The disclosure models that are open for comment are as follows:

  • Pre-transaction disclosure: This disclosure, given to the sender before they pay for the transaction, would include the transfer amount, transfer taxes and fees, the exchange rate, and the total amount of money – in local currency – that would be available to the recipient.
  • Post-transaction disclosure: This disclosure would be given to senders after they have completed the transaction. It will take the form of a receipt and re-iterate all of the information provided in the pre-transaction disclosure form.
    In addition, it will provide the names, addresses and phone numbers of both sender and recipient, the location at which the recipient will pick up the funds, and the date the funds would be available.
  • Combined pre/post transaction disclosure: This disclosure combines the timing of the pre-transaction disclosure with the content of the post-transaction disclosure.
  • Notification of the confirmation code: This form would be given to consumers after they completed the transaction. It would be a smaller piece of paper than the other forms, containing only the confirmation code associated with the transaction.

Following testing of the disclosure types via in-depth cognitive interviews in New York during January 2011, mostly minor changes were made to the forms. The only major change was the inclusion of a consumer’s cancellation rights.

As participants’ assumptions regarding cancellation rights varied widely, the sentence "You may have the right to cancel this transaction within 24 hours of payment" was added to all forms.
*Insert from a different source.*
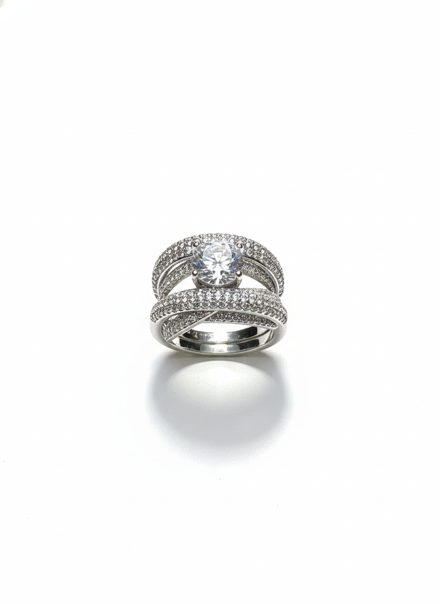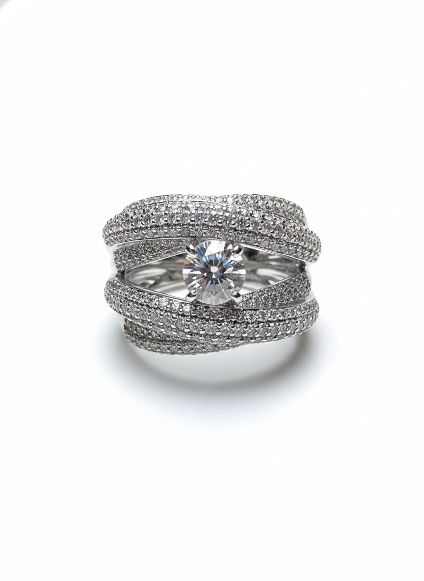 This ring features an enchanting twist-band silhouette, its curves fully adorned with shimmering pavé stones that flow like ribbons of light. At its centre rests a brilliant round gemstone, elevated gracefully as if floating between the intertwined bands. The design feels modern yet timeless—bold, sculptural, and effortlessly sophisticated.

This phrase was changed again after a second round of interviews to "the right to cancel for a full refund".

 

Industry reaction

It is too soon to say what remittance transfer providers plan to do with the Fed’s proposal, as formal comments are yet to be published, but MoneyGram told EPI: "We recognise this is an important industry issue for consumers and our business.

"We have been engaged in discussions with the Federal Reserve Board since the rulemaking process began in late 2010, and will continue to participate in this.

"MoneyGram is currently reviewing the proposed rule in anticipation of submitting comments to the Fed by the July 20 deadline."

In a similar vein, Western Union has commended the Fed on its "thorough and transparent approach" to this issue. It shares the same belief that providing consumers with the information they need to make an informed decision will benefit its customers if all remittance providers are held to the same requirements.

It said: "While there are a number of important issues addressed in the Federal Reserve Board’s proposed rule that we are currently reviewing, Western Union’s initial assessment is that we are in agreement with the Fed’s conclusion allowing for a single written disclosure on fees and exchange rates."